> _Your assignment_
Exclude the pictures, then restate every entry below exactly.

> _Records from a data collection_
-*-

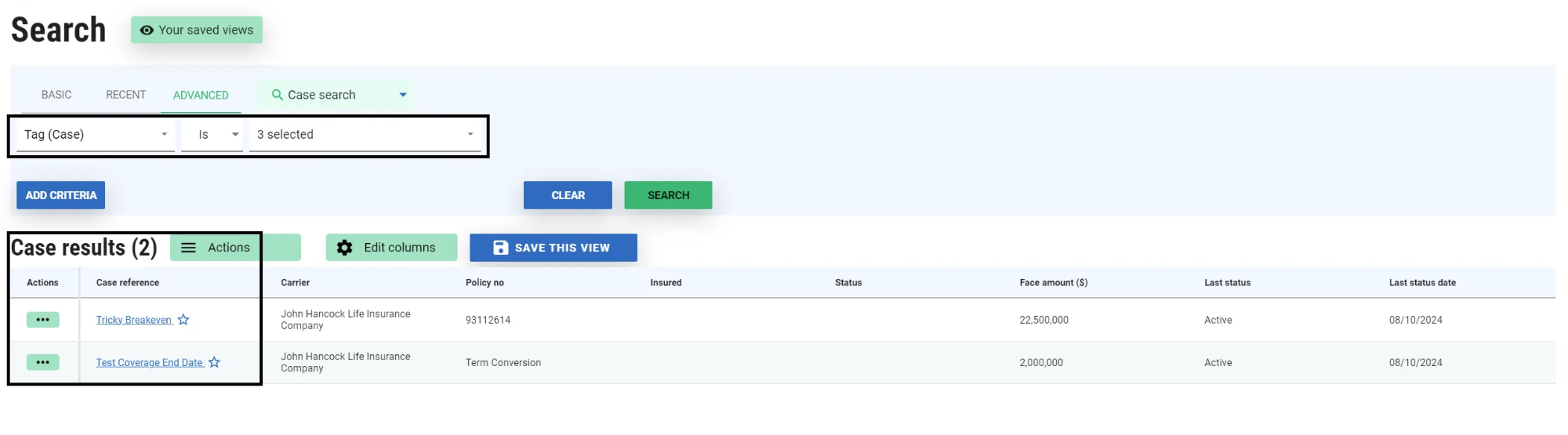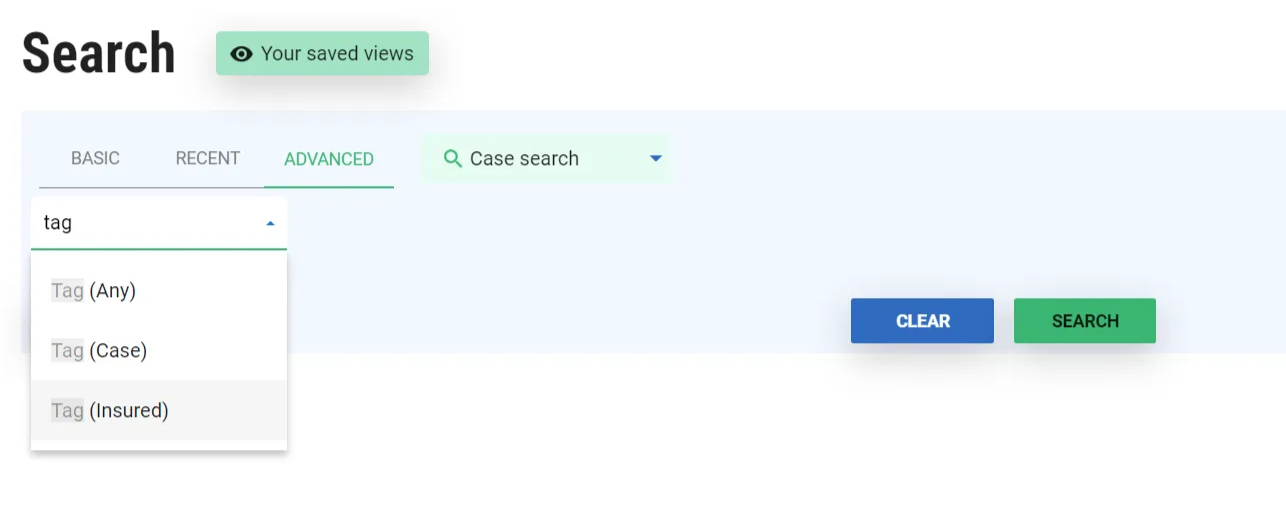 ClariNetLS allows you to search for cases by tag names attached to the case page or Insured page.
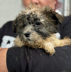Penny is een mix teefje met een geschatte geboortedatum van 24 november 2025 en we verwachten dat ze ongeveer 30-35 cm hoog wordt. (02-26)
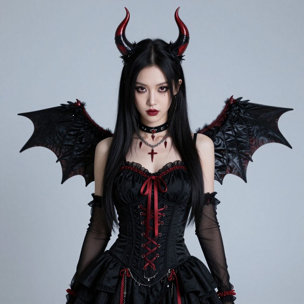 A woman in a black outfit with red accents and devil horns, exuding a dark, satanic aesthetic.
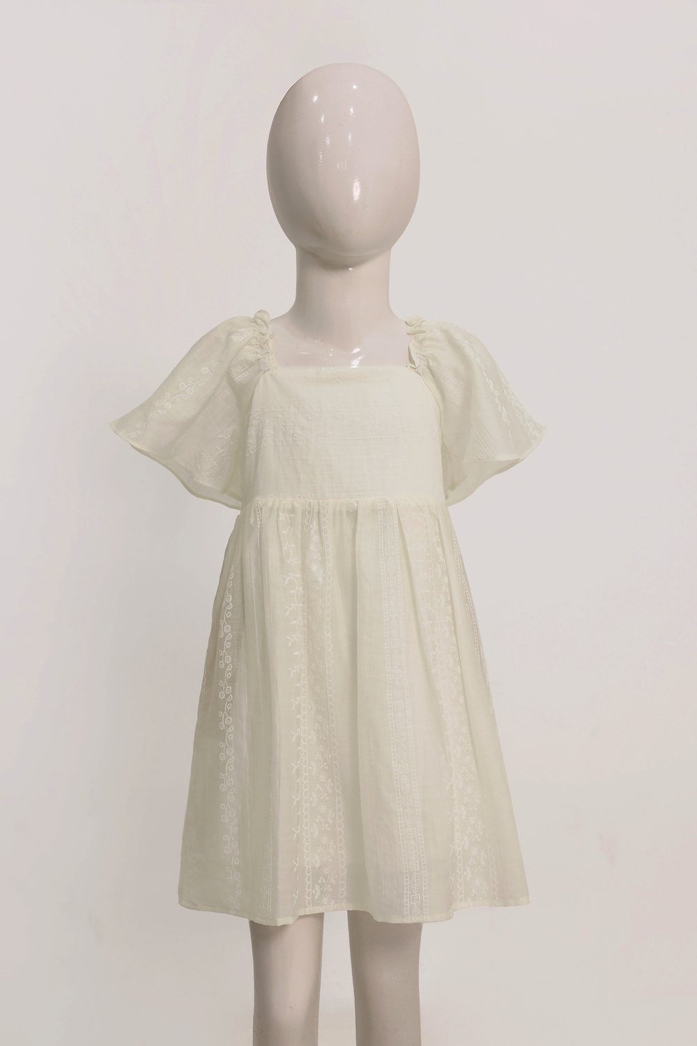 LYDIA FLORAL EMBROIDERED FLUTTER SLEEVE DRESS - MINI GIRL (CREAM) *BFF*
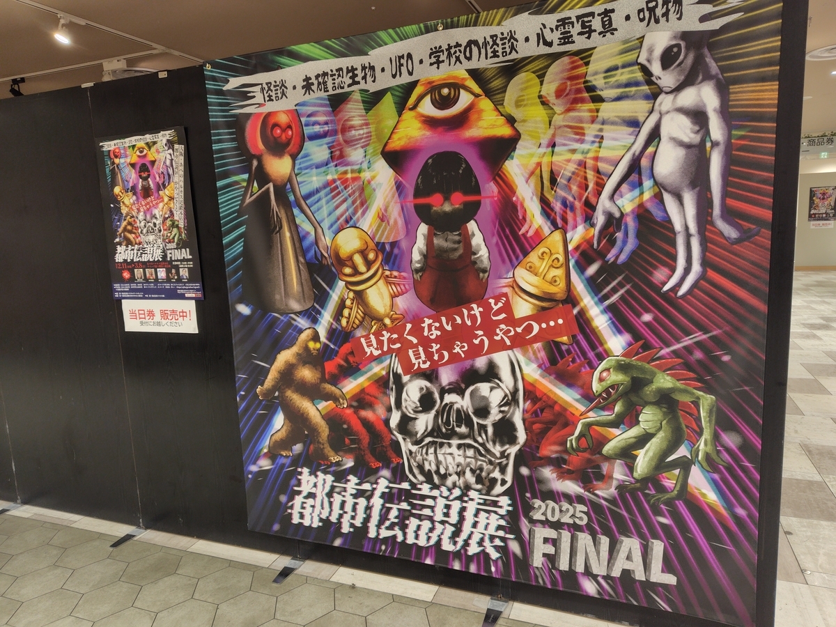 怪談、UMA、宇宙人などの都市伝説を展示・解説している本展覧会。2023年から各地で開催されていたようですが、リサーチ不足でまったく知らなかったという悲劇。幸いバージョンアップしたファイナルが今回、大阪にやって来たので早速行ってきました!
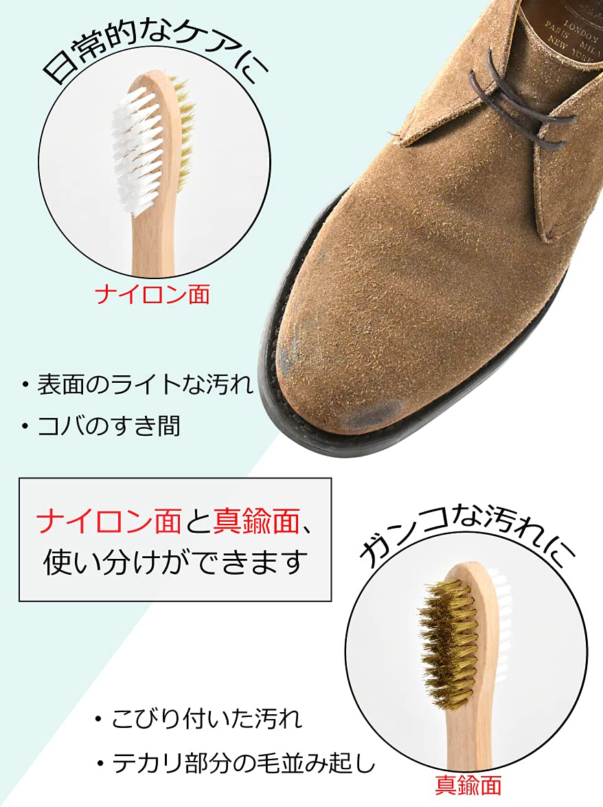 [レザーラブ] 両面使えるスエード製品用ブラシ 真鍮ハンドルブラシ ヌバック ムートン スニーカー ブーツ ジャケット 汚れ落とし Free
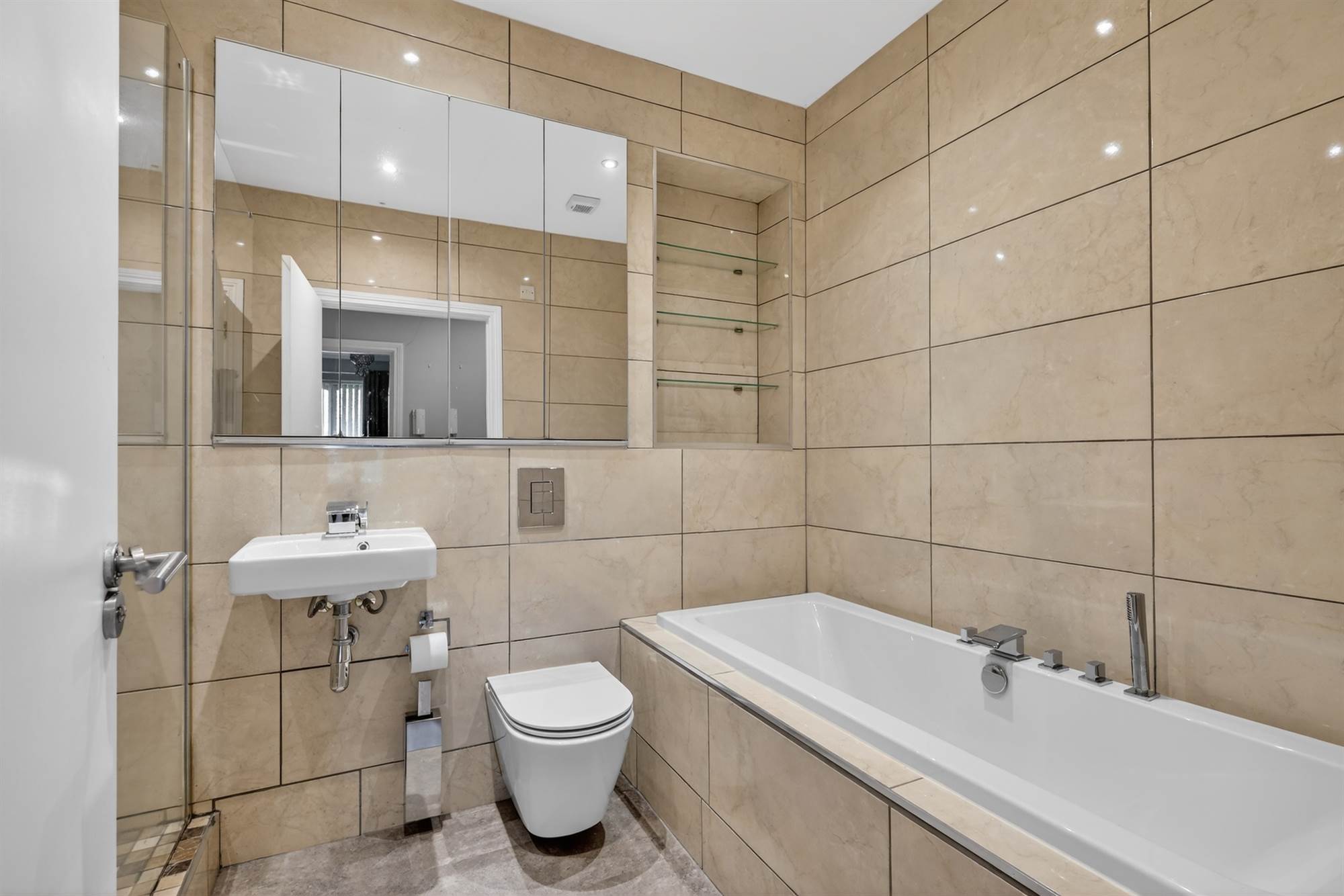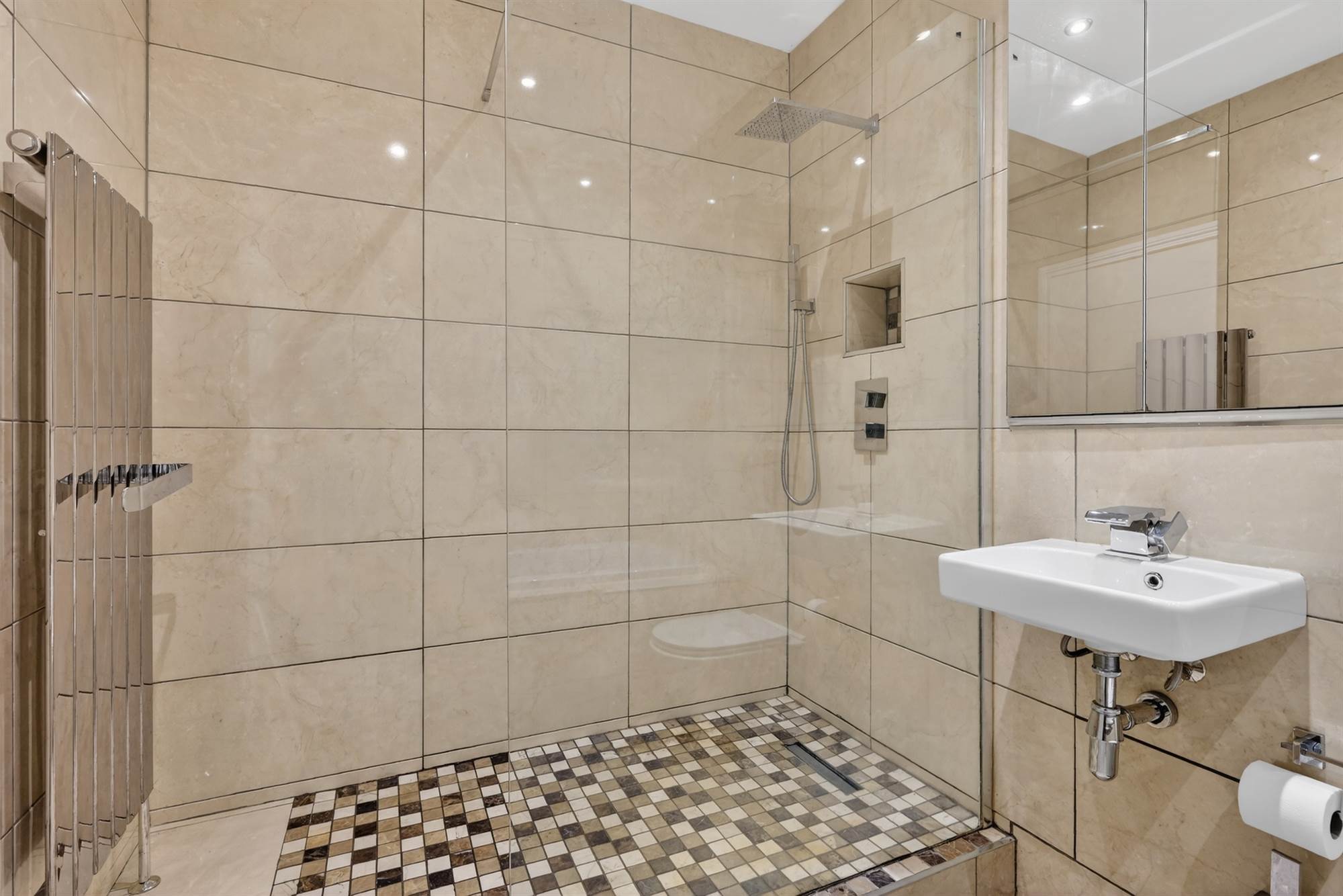 White suite comprising floating wash hand basin with mixer tap, wall-mounted mirror cabinet. Walk-in shower cubicle with rain head thermostatic shower, low flush wc, feature vertical radiator. In-set shelving. Spotlights, fully tiled walls.
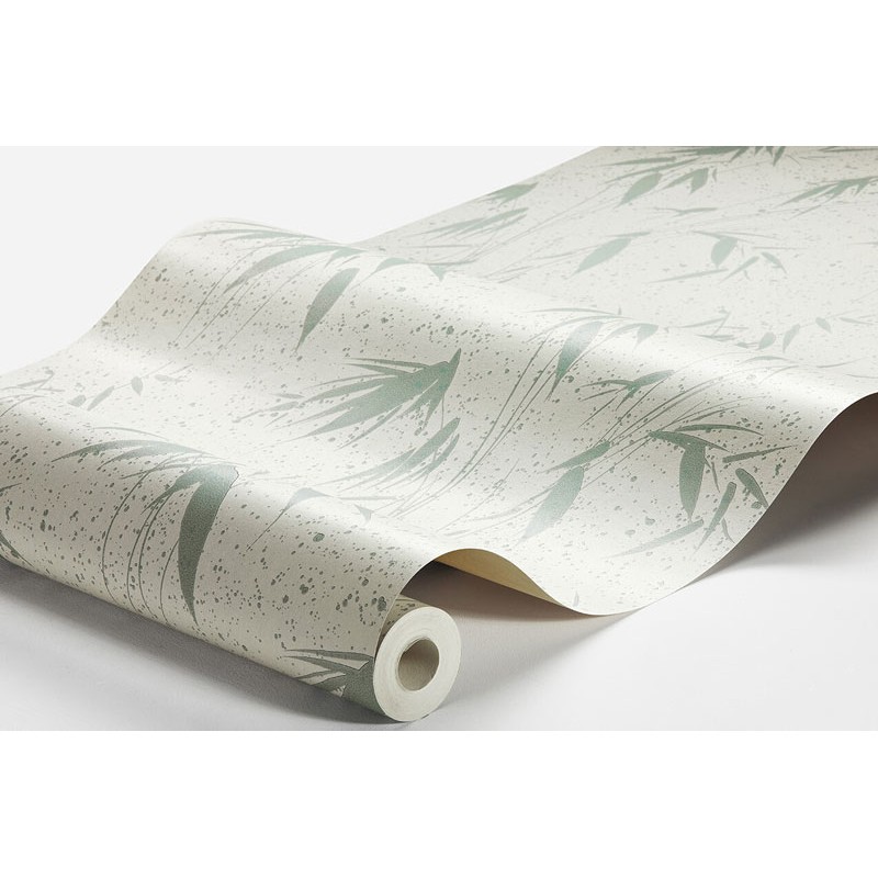 Papel pintado bambú japonés gris claro verde
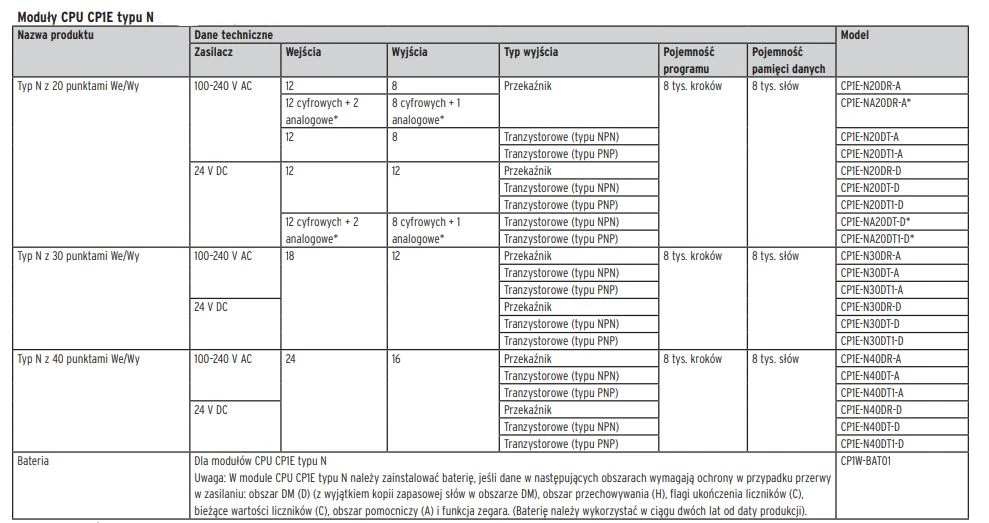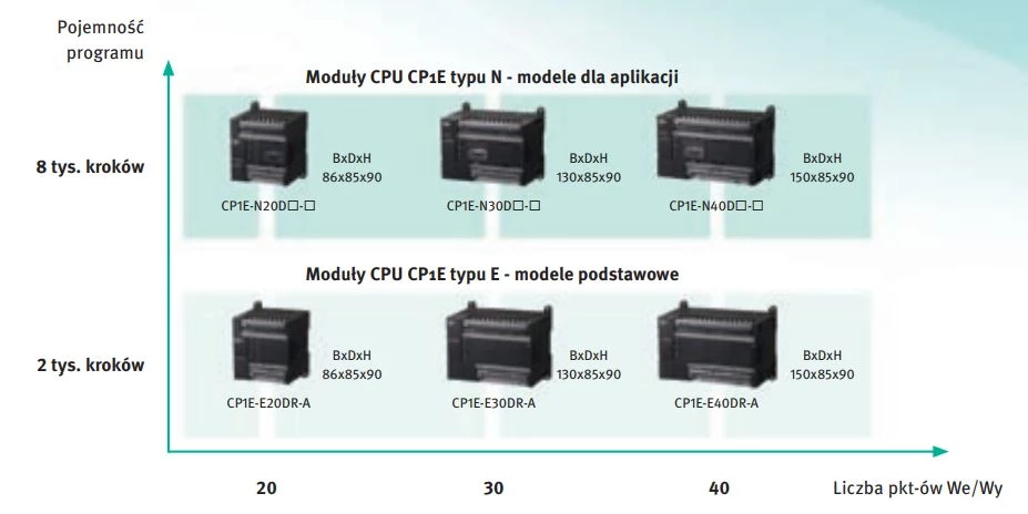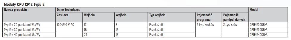 Sterowniki PLC CP1E Omron dedykowane do prostych aplikacji automatyki przemysłowej. Jednostki zostały wyposażone w trzy porty komunikacyjne. PLC z zabudowanym portem RS232C są płytsze o 20 mm od pozostałych. Pojemność programu jednostek podstawowych CP1E wynosi do 8 tysięcy kroków.
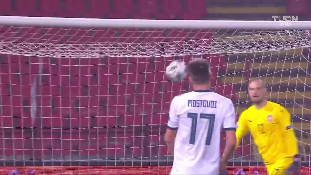 Tiro atajado al ángulo superior derecho. Aleksandr Erokhin (Rusia) disparo de cabeza desde el centro del área. Asistencia de Andrey Mostovoy con un centro al área.
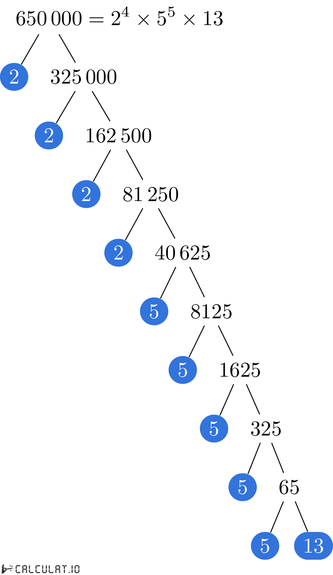 Factores primos de 650000: 2, 2, 2, 2, 5, 5, 5, 5, 5, 13

-*-

> _Exercise result_
 ClariNetLS allows you to search for cases by tag names attached to the case page or Insured page.
Penny is een mix teefje met een geschatte geboortedatum van 24 november 2025 en we verwachten dat ze ongeveer 30-35 cm hoog wordt. (02-26)
 A woman in a black outfit with red accents and devil horns, exuding a dark, satanic aesthetic.
 LYDIA FLORAL EMBROIDERED FLUTTER SLEEVE DRESS - MINI GIRL (CREAM) *BFF*
 怪談、UMA、宇宙人などの都市伝説を展示・解説している本展覧会。2023年から各地で開催されていたようですが、リサーチ不足でまったく知らなかったという悲劇。幸いバージョンアップしたファイナルが今回、大阪にやって来たので早速行ってきました!
 [レザーラブ] 両面使えるスエード製品用ブラシ 真鍮ハンドルブラシ ヌバック ムートン スニーカー ブーツ ジャケット 汚れ落とし Free
 White suite comprising floating wash hand basin with mixer tap, wall-mounted mirror cabinet. Walk-in shower cubicle with rain head thermostatic shower, low flush wc, feature vertical radiator. In-set shelving. Spotlights, fully tiled walls.
 Papel pintado bambú japonés gris claro verde
 Sterowniki PLC CP1E Omron dedykowane do prostych aplikacji automatyki przemysłowej. Jednostki zostały wyposażone w trzy porty komunikacyjne. PLC z zabudowanym portem RS232C są płytsze o 20 mm od pozostałych. Pojemność programu jednostek podstawowych CP1E wynosi do 8 tysięcy kroków.
 Tiro atajado al ángulo superior derecho. Aleksandr Erokhin (Rusia) disparo de cabeza desde el centro del área. Asistencia de Andrey Mostovoy con un centro al área.
 Factores primos de 650000: 2, 2, 2, 2, 5, 5, 5, 5, 5, 13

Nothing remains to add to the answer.